Options for Input files

  • Multiplex Example:
    • Yeo lab internal pair-end protocol: config/preprocess_config/oligope_iter5.yaml
    • ABC single-end protocol: config/preprocess_config/ABC_2rep.yaml
  • Singleplex Example:
    • ABC single-end protocol: config/preprocess_config/oligose_single_rbfox2_hek.yaml
    • Yeo lab internal paired-end protocol: config/preprocess_config/oligope_v5_nanos2.yaml
    • Process 1 type of singleplex per 1 manifest.
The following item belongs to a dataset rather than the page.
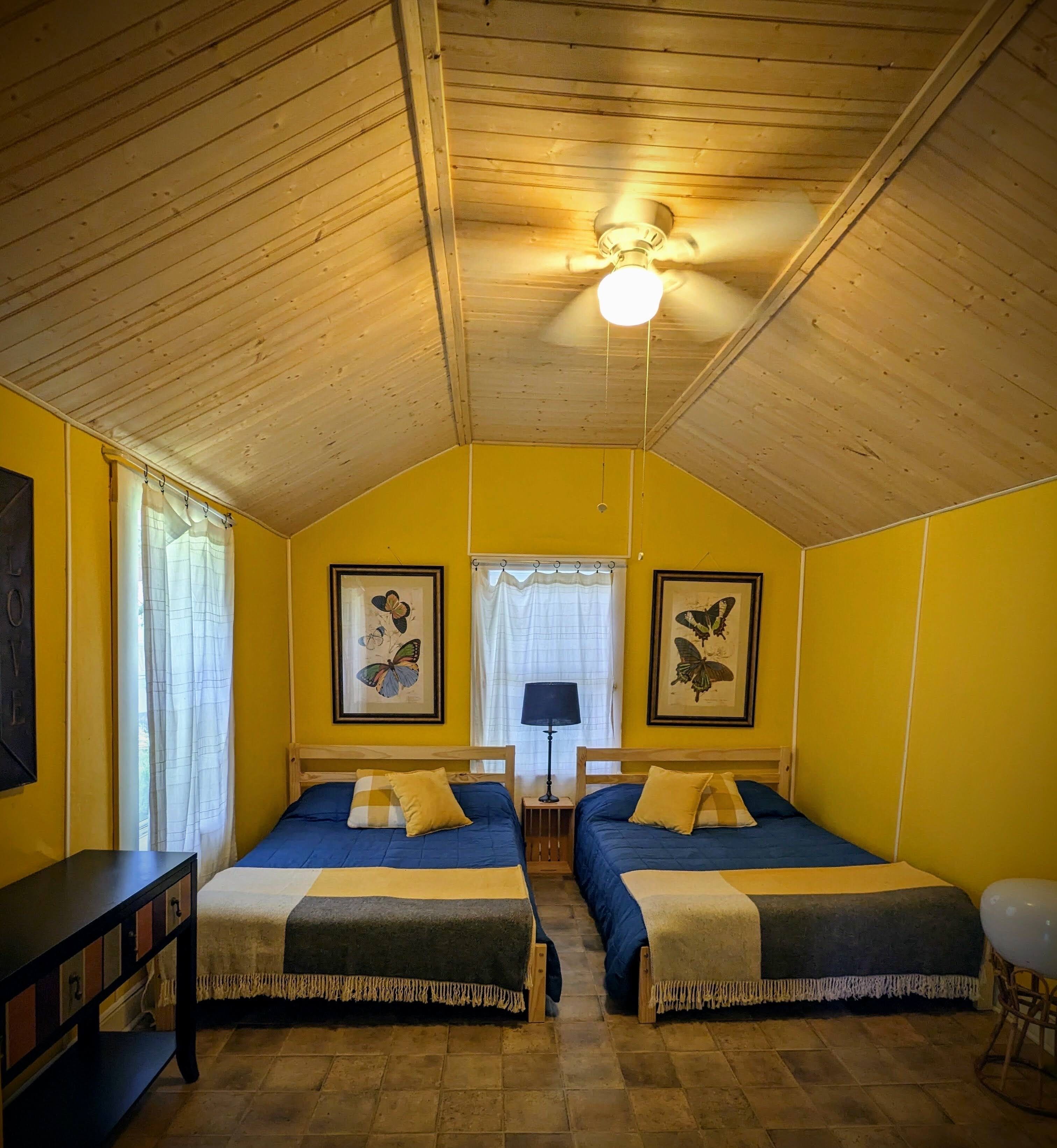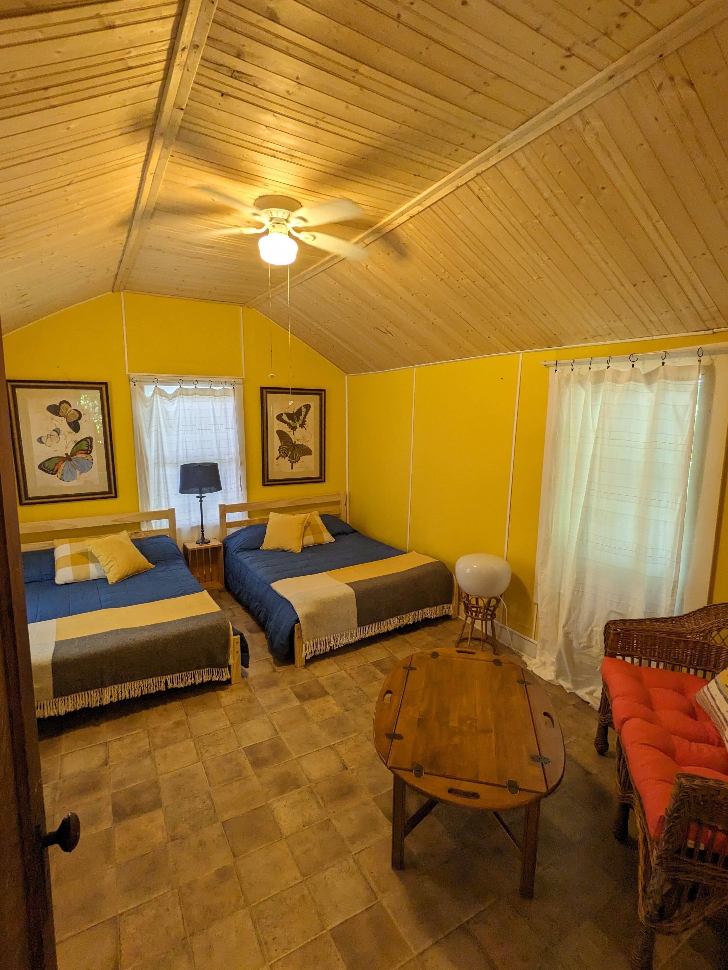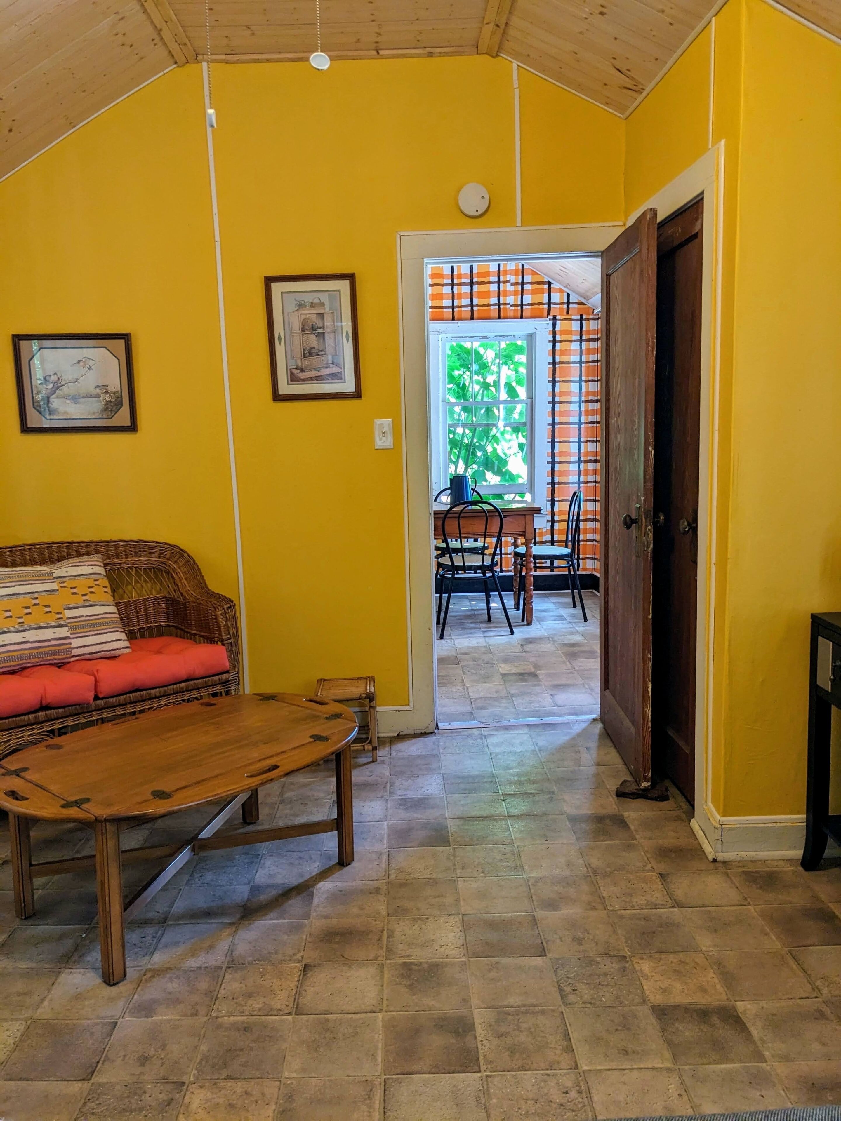 Seasonal Cottages Colony With Outdoor Swimming Pool Small cozy cottage colony ( only 4 units) located less than 4 miles from Bethel Wood Performance Center, walking distance from White Lake. About 10-15 minutes drive to Toronto Reservoir or Superior Park Lake, near restaurants and boat rental. There is a swimming pool, trampoline, playground, ping-pong table and outside fireplace on territory. This one bedroom cottage is newly remodeled and freshly painted. It has two full size beds, full kitchen with dinette area, bathroom with shower and screen room. There is BBQ table and grill outside. Upon request extra folding bed can be provided.
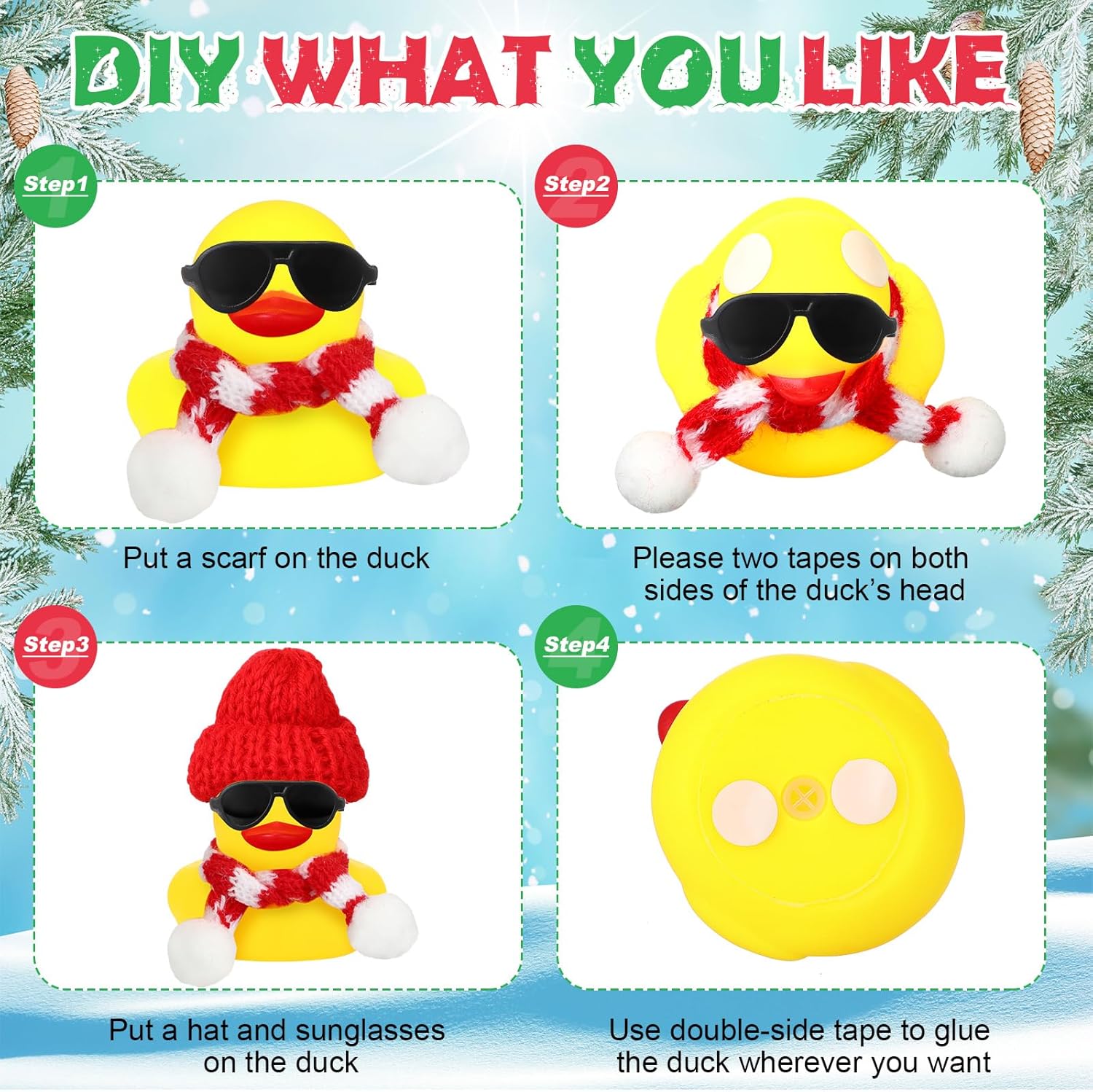 Features: Funny gifts choice: The rubber duck with sunglasses set can be applied as fun gifts for your families, friends, colleagues, neighbors, or someone you love who have children at home, they will be gratitude to you. Leave happy memories: Our mini rubber duckies can be served as photo props, whether it is a wedding, a baby shower, an engagement or a baby's first birthday, so they will leave you with unforgettable memories. Specifications: Material: main rubber Color: as shown Size for mini ducks: 2.17 x 1.77 inches/ 5.5 x 4.5 cm Package includes: 48 Set Christmas mini rubber ducks(with hats, sunglasses, scarves) Notes: Manual measurement, please allow slight errors on size. The color may exist a slight difference due to different screen displays. Age Range:over 3 years old

MANIFEST: a CSV file specifying FASTQ file locations and replicate information

All FASTQ files in the same manifest should have the same combinations of barcodes. For example, if you performed two singleplex experiments—one with barcode 1 and the other with barcode 2—they should be specified in two separate config files.

  • Example files:
    • Multiplex Example:
      • Yeo lab paired-end: config/fastq_csv/katie_pe_iteration5.csv
      • ABC: config/fastq_csv/ABC_2rep.csv
    • Singleplex Example:
      • Yeo labe paired-end: config/fastq_csv/V5_NANOS2.csv
      • ABC: /config/fastq_csv/ABC_SLBP_singleplex.csv
  • columns:
    • fastq1&fastq2: *.fastq.gz file for read1 and read 2
    • libname: unique names for each library. Should not contain space, special characters such as #,%,*
    • experiment: unique names for experiment. Rows with the same experiment will be treated as replicates. Should not contain space, special characters such as #,%,*

barcode_csv: specifies the barcode sequencing information for each Antibody/RBP.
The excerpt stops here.